Which is better for FP32 workloads?▾
RTX A5000 performs at 27.8 TFLOPS FP32, outperforming V100's 15.7 TFLOPS. It suits inference and simulations reliant on single-precision compute.
Which is cheaper to rent, the RTX A5000 or the V100?▾
Cloud rental prices for both the RTX A5000 and V100 vary by provider, configuration, and availability. This page shows live pricing from 25+ providers updated every 60 seconds. Scroll to the Live Cloud Pricing section to compare current rates.
How much VRAM does the RTX A5000 have compared to the V100?▾
The RTX A5000 has 24 GB of GDDR6 memory. The V100 has 16 to 32 GB of HBM2 memory.

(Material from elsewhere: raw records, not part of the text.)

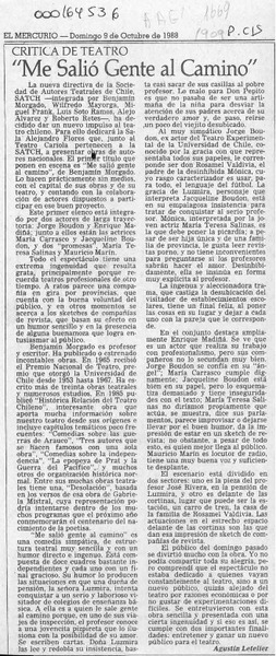 "Me salió gente al camino" [artículo] Agustín Letelier.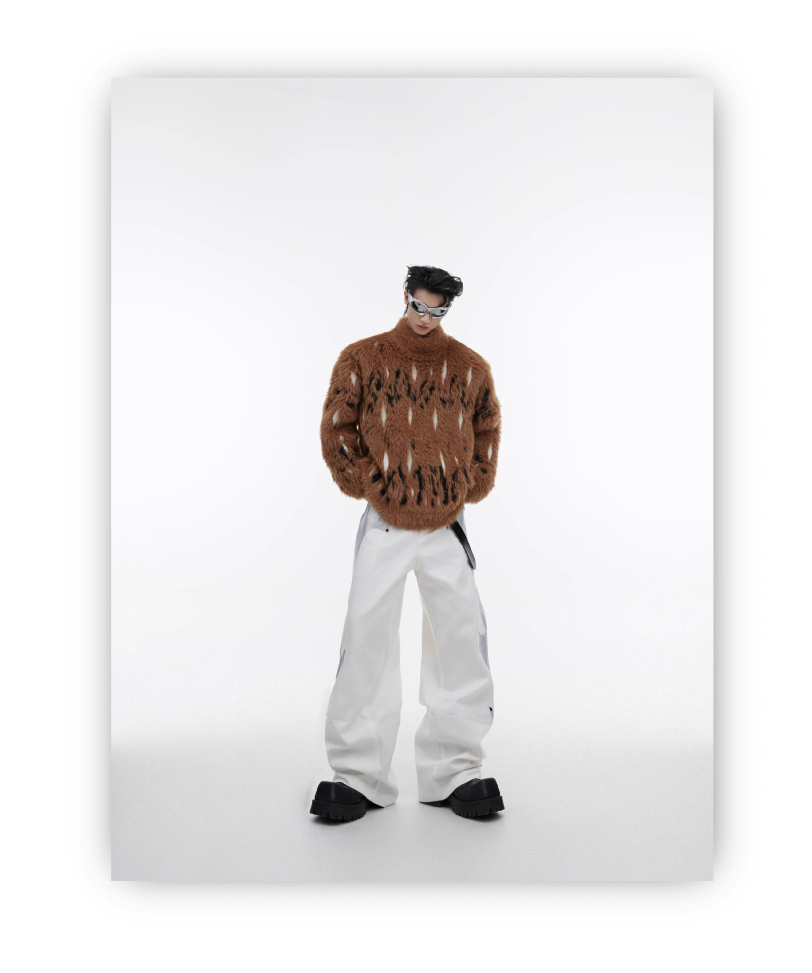 2024 가을과 겨울 새로운 틈새 분할 디자인 니트 스웨터 터틀넥 플러시 긴 소매 게으른 스웨터 탑스토어 가기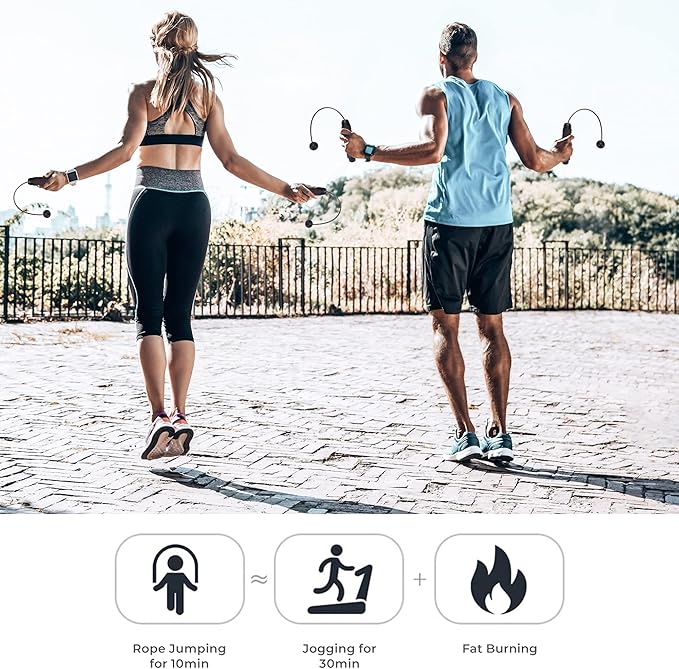 - ★🔥[ROPELESS JUMP ROPE]: The ropeless skipping movement, allows you to be in the forefront of fashion. The double bearing design of the ropeless skipping rope, fast and no tangles. You won't worry about tripping on the rope during exercise, and you can stay away from the pain of being entangled in ropes during exercise.

Can I find RTX A5000 and V100 GPUs available to rent right now?▾
Yes. This page shows real-time availability across 25+ cloud GPU providers. The Live Cloud Pricing section displays only in-stock offers with current pricing.
What is the main difference between the RTX A5000 and the V100?▾
The RTX A5000 uses the Ampere architecture (2021) while the V100 uses Volta (2017). The V100 delivers 4.5x the FP16 throughput and 1.2x the memory bandwidth of the RTX A5000.